WORK TO COMPLETE: Return the entries below word for word; no images should appear in the copy.

[Data entries]
====

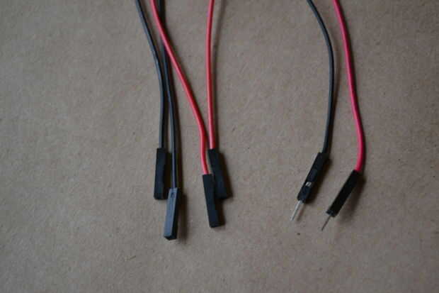 Vamos a hacer alguna cirugía en cuatro de nuestros cables de puente. Por lo tanto, sacar dos cables de puente rojo y dos cables de puente negro. Cortar todos los cables por la mitad y agarrar dos conexiones hembra rojizas, dos conexiones hembra negras, una conexión macho rojo y una conexión macho negro.
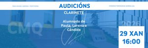 [ Audicións de Clarinete: alumnado de Paula, Lorena e Cándido ] > Xoves, 29 de xaneiro de 2026 · 16:00 horas / 19:00 horas · Auditorio do CMUS Manuel Quiroga, Pontevedra
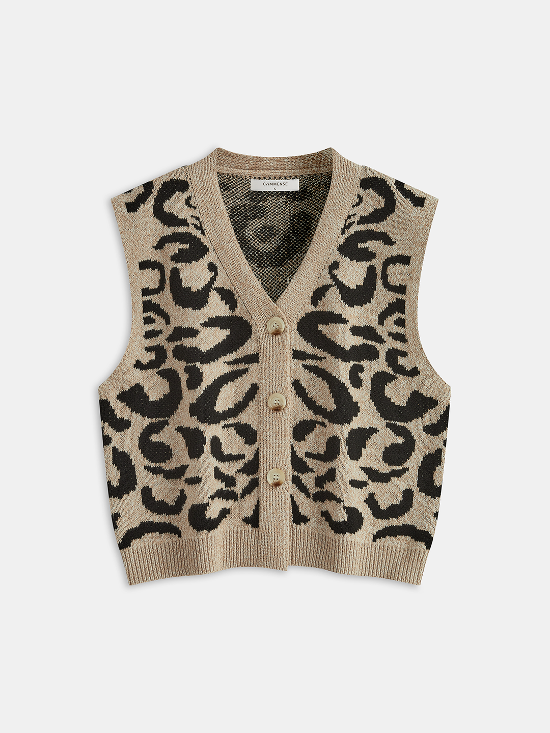 Dekoratif Düğmeli Tığ Örgü Yelek Bej
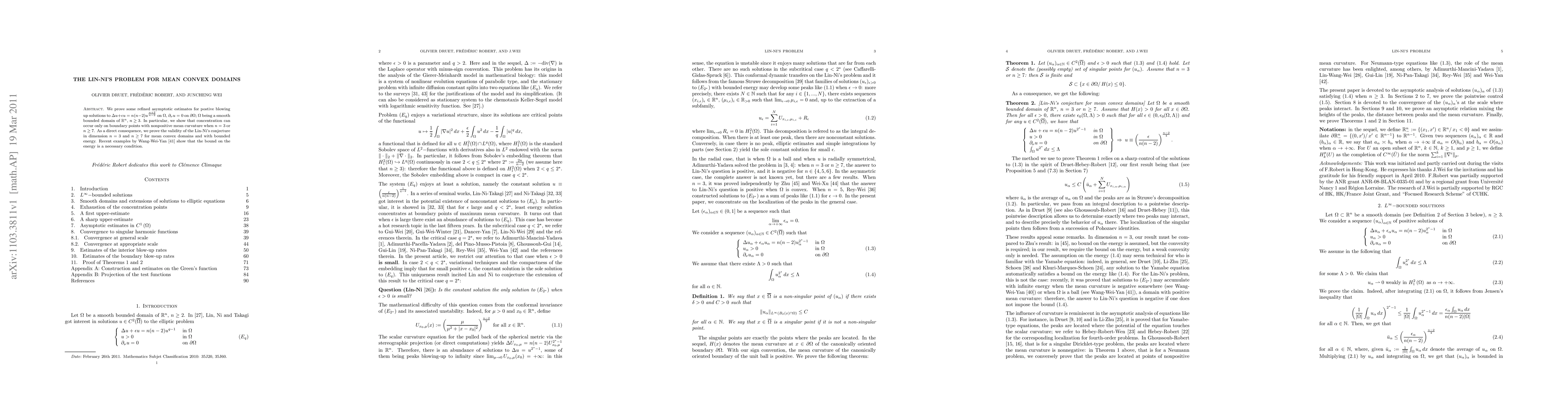 This research paper presents refined asymptotic estimates for positive blowing up solutions of a specific partial differential equation in smooth bounded domains of n-dimensional space (n≥3). The study reveals that concentration of these solutions occurs only at boundary points with nonpositive mean curvature for dimensions n=3 and n≥7, thus confirming the Lin-Ni conjecture for mean convex domains and bounded energy. The paper also acknowledges that energy boundedness is a necessary condition, as demonstrated by recent examples.
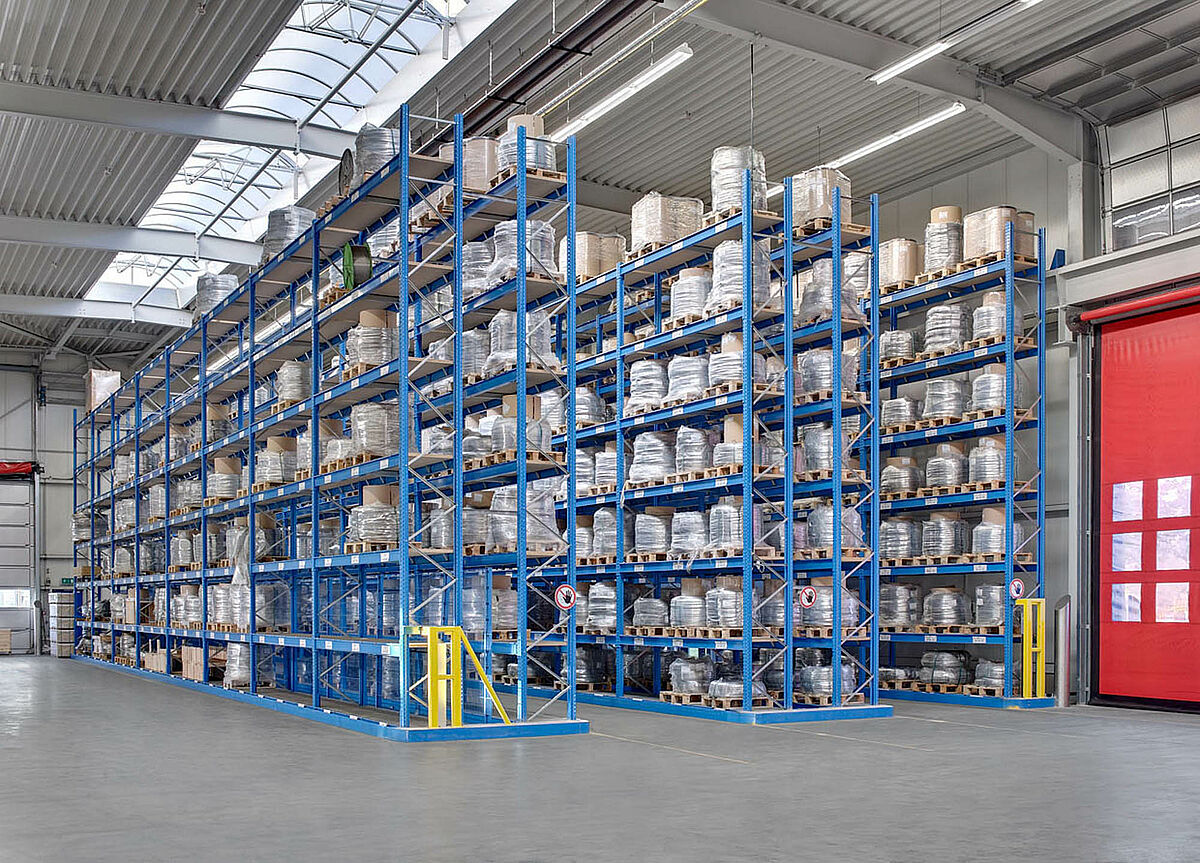 Klizna vodilica na nogama regala i upotreba Hubtex četverostranog viličara omogućili su širinu prolaza od samo 2,42 m koji je opet morao biti osiguran sustavima za osiguravanje prolaza, kako bi se izbjeglo susretanje osoba i viličara na ovim uskim prolazima.

====

WRITTEN REPLY:
 Vamos a hacer alguna cirugía en cuatro de nuestros cables de puente. Por lo tanto, sacar dos cables de puente rojo y dos cables de puente negro. Cortar todos los cables por la mitad y agarrar dos conexiones hembra rojizas, dos conexiones hembra negras, una conexión macho rojo y una conexión macho negro.
 [ Audicións de Clarinete: alumnado de Paula, Lorena e Cándido ] > Xoves, 29 de xaneiro de 2026 · 16:00 horas / 19:00 horas · Auditorio do CMUS Manuel Quiroga, Pontevedra
 Dekoratif Düğmeli Tığ Örgü Yelek Bej
 This research paper presents refined asymptotic estimates for positive blowing up solutions of a specific partial differential equation in smooth bounded domains of n-dimensional space (n≥3). The study reveals that concentration of these solutions occurs only at boundary points with nonpositive mean curvature for dimensions n=3 and n≥7, thus confirming the Lin-Ni conjecture for mean convex domains and bounded energy. The paper also acknowledges that energy boundedness is a necessary condition, as demonstrated by recent examples.
 Klizna vodilica na nogama regala i upotreba Hubtex četverostranog viličara omogućili su širinu prolaza od samo 2,42 m koji je opet morao biti osiguran sustavima za osiguravanje prolaza, kako bi se izbjeglo susretanje osoba i viličara na ovim uskim prolazima.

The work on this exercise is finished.